In section 2.5, they describe their algorithm. I think they are ensuring that indexing into the node will only ever require e extra steps of linear search after radix searching. I do not understand how they derived their formula for the extra steps, and I think perhaps I'm not sure what each of the variables mean (in particular "a total of p sub-tree branches").
What's how does the RRB-tree concatenation algorithm work?
They do describe an invariant in section 2.4 "However, as mentioned earlier
B-Trees nodes do not facilitate radix searching. Instead we chose
the initial invariant of allowing the node sizes to range between m
and m - 1. This defines a family of balanced trees starting with
well known 2-3 trees, 3-4 trees and (for m=32) 31-32 trees. This
invariant ensures balancing and achieves radix branch search in the
majority of cases. Occasionally a few step linear search is needed
after the radix search to find the correct branch.
The extra steps required increase at the higher levels."
Looking at their formula, it looks like they have worked out the maximum and minimum possible number of values stored in a subtree. The difference between the two is the maximum possible difference between the maximum and minimum number of values underneath a point. If you divide this by the number of values underneath a slot, you have the maximum number of slots you could be off by when you work out which slot to look at to see if it contains the index you are searching for.
#mcdowella is correct that's what they say about relaxed nodes. But if you're splitting and joining nodes, a range from m to m-1 means you will sometimes have to adjust up to m-1 (m-2?) nodes in order to add or remove a single element from a node. This seems horribly inefficient. I think they meant between m and (2 m) - 1 because this allows nodes to be split into 2 when they get too big, or 2 nodes joined into one when they are too small without ever needing to change a third node. So it's a typo that the "2" is missing in "2 m" in the paper. Jean Niklas L’orange's masters thesis backs me up on this.

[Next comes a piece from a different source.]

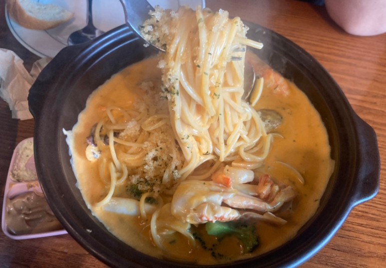 에피타이저 먹으면서 좀 기다리니 나온 상하이 크림 파스타~

Furthermore, all strict nodes have the same length which must be a power of 2. The reason for this is an optimization in Rich Hickey's Clojure PersistentVector. Well, I think the important thing is to pack all strict nodes left (more on this later) so you don't have to guess which branch of the tree to descend. But being able to bit-shift and bit-mask instead of divide is a nice bonus. I didn't time the get() operation on a relaxed Scala Vector, but the relaxed Paguro vector is about 10x slower than the strict one. So it makes every effort to be as strict as possible, even producing 2 strict levels if you repeatedly insert at 0.

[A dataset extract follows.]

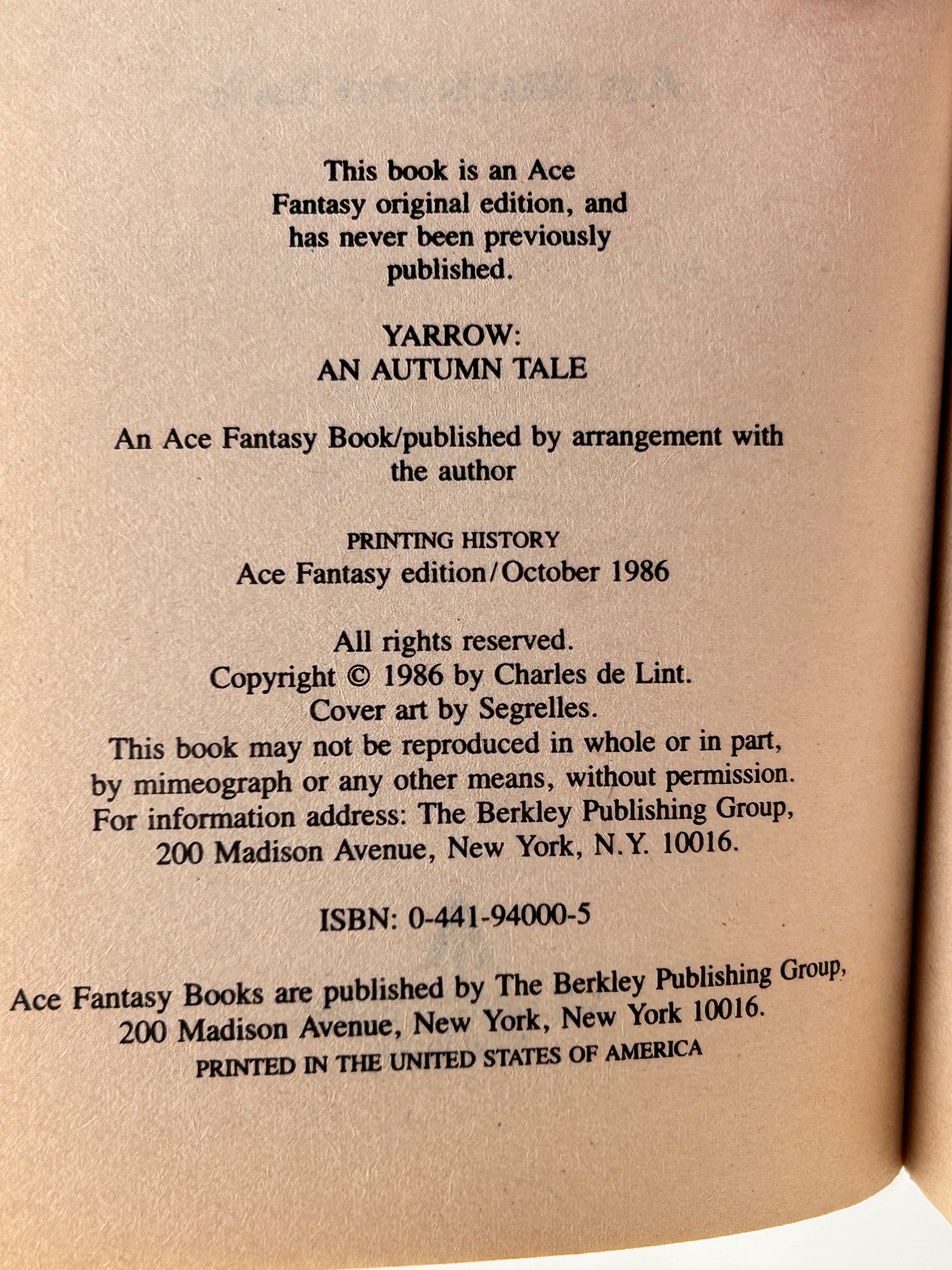 Yarrow ACE Paperback Charles de Lint SF04

Their tree also has an even height - all leaf nodes are equal distance from the root. I think it would still work if relaxed trees had to be within, say, one level of one-another, though not sure what that would buy you.
Relaxed nodes can have strict children, but not vice-versa.

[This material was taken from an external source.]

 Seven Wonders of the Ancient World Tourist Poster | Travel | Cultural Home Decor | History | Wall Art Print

Strict nodes must be filled from the left (low-index) without gaps. Any non-full Strict nodes must be on the right-hand (high-index) edge of the tree. All Strict leaf nodes can always be full if you do appends in a focus or tail (more on that below).
You can see most of the invariants by searching for the debugValidate() methods in the Paguro implementation. That's not their paper, but it's mostly based on it. Actually, the "display" variables in the Scala implementation aren't mentioned in the paper either. If you're going to study this stuff, you probably want to start by taking a good look at the Clojure PersistentVector because the RRB Tree has one inside it. The two differences between that and the RRB Tree are 1. the RRB Tree allows "relaxed" nodes and 2. the RRB Tree may have a "focus" instead of a "tail." Both focus and tail are small buffers (maybe the same size as a strict leaf node), the difference being that the focus will probably be localized to whatever area of the vector was last inserted/appended to, while the tail is always at the end (PerSistentVector can only be appended to, never inserted into). These 2 differences are what allow O(log n) arbitrary inserts and removals, plus O(log n) split() and join() operations.